July 4, 2014, Washington, DC — In what ways do you consider yourself to be a Grateful American? That’s the question that author and publisher David Bruce Smith is investigating in his new Foundation through The Grateful American™ Series. With the goal of restoring enthusiasm for American history in kids and adults, Smith’s new website, which launched today, is a portal for parents to learn more about the nation’s Founding Fathers, presidential and historic homes, and other fascinating facts.
“Our mission is to make it fun to learn about American history,” says Smith, who borrowed the title for The Grateful American™ Series from his father, developer and philanthropist Robert H. Smith. “My father always referred to himself as a grateful American. He realized that the community and this country have been good to our family, and he wanted to give back. The Grateful American™ Foundation is my way of doing the same.”
A history buff since he was a child, Smith says he’s excited to share his interest with others.
“Educators know history is critical to students learning how to become better citizens by understanding how the country’s political and cultural systems work,” says Smith. “Students need not only recognize leaders like Abraham Lincoln and George Washington, but really understand why they were important to the development of our country. That’s where the great stories are. And that’s how we plan to engage them—by telling the great stories of the real people who built America.”
From the veranda along the Potomac River of George Washington’s Mount Vernon estate, to James and Dolley Madison’s home, Montpelier, and dozens more—Smith’s Grateful American™ Series features interviews with the directors of the nation’s most popular historical sites. The website also showcases interviews with historians, authors, and educators whose gift is to bring history to life.
Scroll down to see how 13 Americans (in honor of the original 13 colonies), tell us that they are Grateful Americans. See their full responses in the July issue of Be Inkandescent magazine. The next goal is to get 76 responses—with the ultimate target of 1776 responses that we’ll turn into an eBook and share with the White House.
To participate: Send an email telling why you’re a Grateful American, along with your photo, to Hope Katz Gibbs at firstname.lastname@example.org. Gibbs is founder of InkandescentPR.com and executive director of The Grateful American™ Foundation.
What makes you grateful to be an American?
Hilary Blair, founder and CEO, ARTiculate Real & Clear
“I have always been grateful to be an American, but when I look at my international friends who made the choice and effort to immigrate here that I am reminded how truly fortunate I am. I am awed by the creative vision that our founders set in motion more than two centuries ago. When I talk with those friends, I am reminded how many freedoms I enjoy as an American and as the owner of ARTiculate Real & Clear: freedom of speech, the right to work where and how I choose, and the right to vote. Back in the late 1770s, these rights were but a dream — especially for a woman.

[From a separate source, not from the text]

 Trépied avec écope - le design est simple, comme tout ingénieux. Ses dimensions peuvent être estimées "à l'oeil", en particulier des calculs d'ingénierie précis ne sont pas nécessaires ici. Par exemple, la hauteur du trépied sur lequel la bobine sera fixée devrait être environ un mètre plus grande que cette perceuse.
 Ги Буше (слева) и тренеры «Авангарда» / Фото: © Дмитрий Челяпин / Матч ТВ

Today, they are my reality, and I don’t take any of it for granted.”
Nadene Bradburn, president, Blackwell Associates, Inc.
“I am grateful to live in a nation where we are empowered to build our lives into what we choose, regardless of the circumstances into which we were born. Some of us, no doubt, have bigger barriers than others, but the potential is always there somewhere to live beyond other people’s expectation. There are people in this country of whom expectations are low but who become the first in their families to go to college. There are people who seize opportunities and take risks and people who work tirelessly every day to increase the opportunities of their children and their neighbors. Which leads me to a related object of my gratitude: That so many people are committed to the creation of safety nets and outreach and programs that remove barriers for those who are eager to build something. I’m grateful for the American sense of responsibility to our neighbors that comes from the pride of self-fulfillment, the ‘giving back.’ This is a nation of people who see in each other an unlimited capacity to do amazing things.”

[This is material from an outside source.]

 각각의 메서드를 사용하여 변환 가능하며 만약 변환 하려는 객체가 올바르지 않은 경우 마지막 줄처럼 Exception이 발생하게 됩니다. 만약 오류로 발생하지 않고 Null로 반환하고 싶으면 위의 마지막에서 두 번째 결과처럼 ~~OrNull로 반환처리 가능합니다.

“As we celebrate the freedom we enjoy as Americans on July 4, I am grateful for my career as a Certified Financial Planner Professional. It is abundant with opportunities for personal and professional growth. As an Asian-American, I know that my opportunities would be much different if I had been born in another country. In fact, I am not sure I would have been able to launch my own firm in 2013 if I weren’t living in America. I have long lived by the sage advice imparted by Roman emperor Marcus Aurelius from his Meditations on Stoic philosophy: Do not indulge in dreams of having what you have not, but reckon up the chief of the blessings you do possess, and then thankfully remember how you would crave for them if they were not yours.”
“I am a grateful American because I have a sense of history. I acquired the beginnings of this invaluable spiritual gift very early. I realized my grandparents, David and Mary Fleming, could not read or write. They had been born in awful poverty in Ireland. They came here hoping for a better life, and instilled the same desire in their four children. My father was a war hero in World War I and afterward a successful local politician. He taught me one of the crucial things about being grateful—you give back. I saw him help hundreds of people find jobs in the Great Depression. He made sure they had decent food to eat on Thanksgiving and Christmas. He was a caring man. As I grew older, I realized this tradition of caring was an essential part of my American heritage. I will never forget the day I first read George Washington’s wonderful words, “To see this country happy is so much the wish of my soul, nothing else can compare to it this side of Elysium. This desire to widen the circle of happiness to include everyone has made America a great and enduring country. It has also made me deeply grateful for this heritage.”
“As a journalist, author, and publisher, I am most grateful for my First Amendment right to Freedom of Speech. Of course, the Bill of Rights was originally proposed as a measure to assuage anti-Federalist opposition to ratifying the Constitution, and the First Amendment applied only to laws enacted by the Congress. Many of its provisions are interpreted differently today—especially the Free Press Clause, which protects publication of information and opinions, and applies to a wide variety of media. I am also grateful for the many opportunities I enjoy as an entrepreneur here in America. Where else would a nice Jewish girl from Philadelphia have the chance to create a small media empire that helps small-business owners everywhere realize their dreams? Only in America!”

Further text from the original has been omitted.